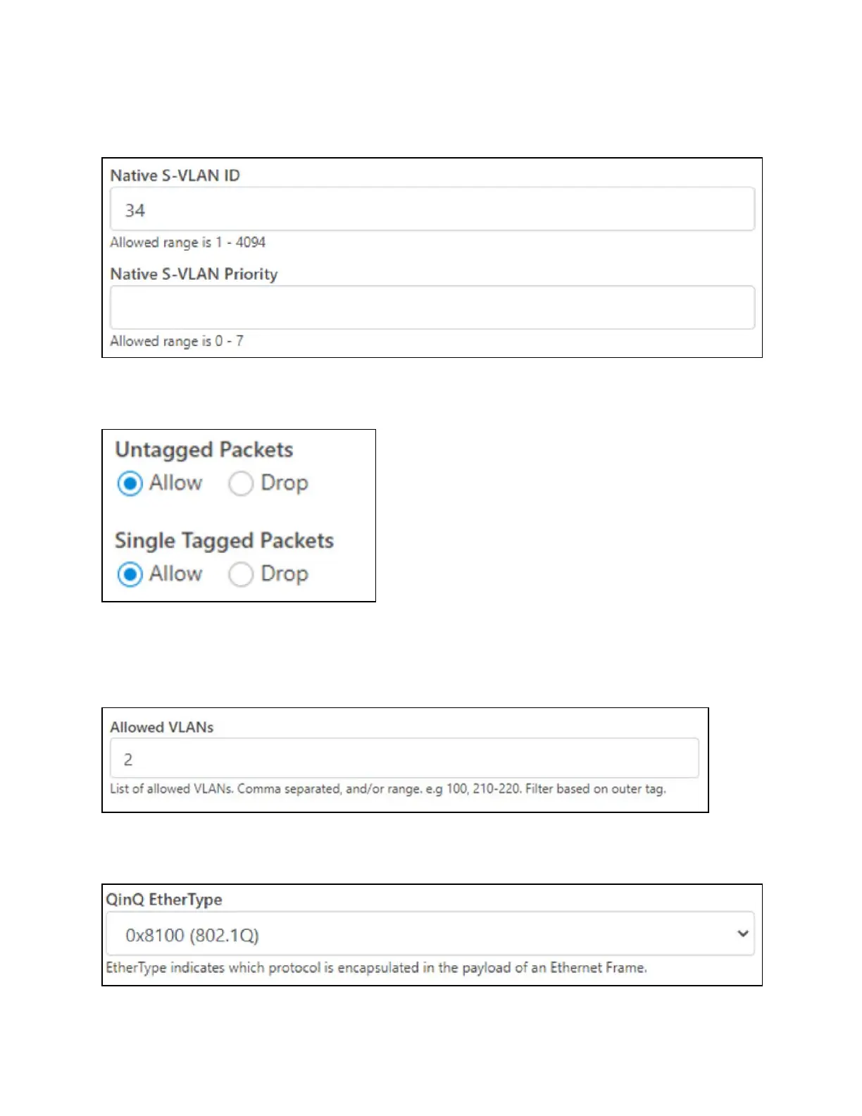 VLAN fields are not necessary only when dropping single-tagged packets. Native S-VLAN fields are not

* * *

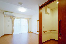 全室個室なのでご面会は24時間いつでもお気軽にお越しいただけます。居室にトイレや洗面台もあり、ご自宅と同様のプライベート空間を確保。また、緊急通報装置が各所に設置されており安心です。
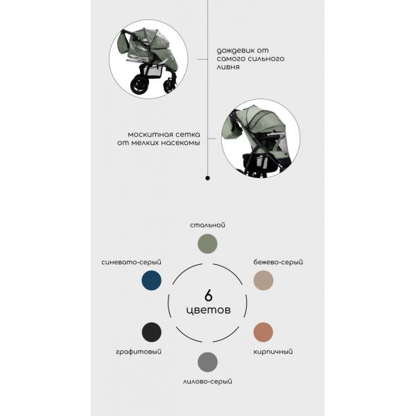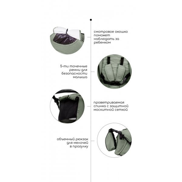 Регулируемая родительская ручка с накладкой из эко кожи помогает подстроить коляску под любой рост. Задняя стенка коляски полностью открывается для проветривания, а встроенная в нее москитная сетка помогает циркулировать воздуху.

*EXERCISE DIRECTIONS:*
Copy everything above from the line holding "全室個室なのでご面会は24時" down to the line holding "Регулируемая родительская ручка", both ends included, exactly as it stands and without the pictures.

*PROBLEM SOLUTION:*
 全室個室なのでご面会は24時間いつでもお気軽にお越しいただけます。居室にトイレや洗面台もあり、ご自宅と同様のプライベート空間を確保。また、緊急通報装置が各所に設置されており安心です。
 Регулируемая родительская ручка с накладкой из эко кожи помогает подстроить коляску под любой рост. Задняя стенка коляски полностью открывается для проветривания, а встроенная в нее москитная сетка помогает циркулировать воздуху.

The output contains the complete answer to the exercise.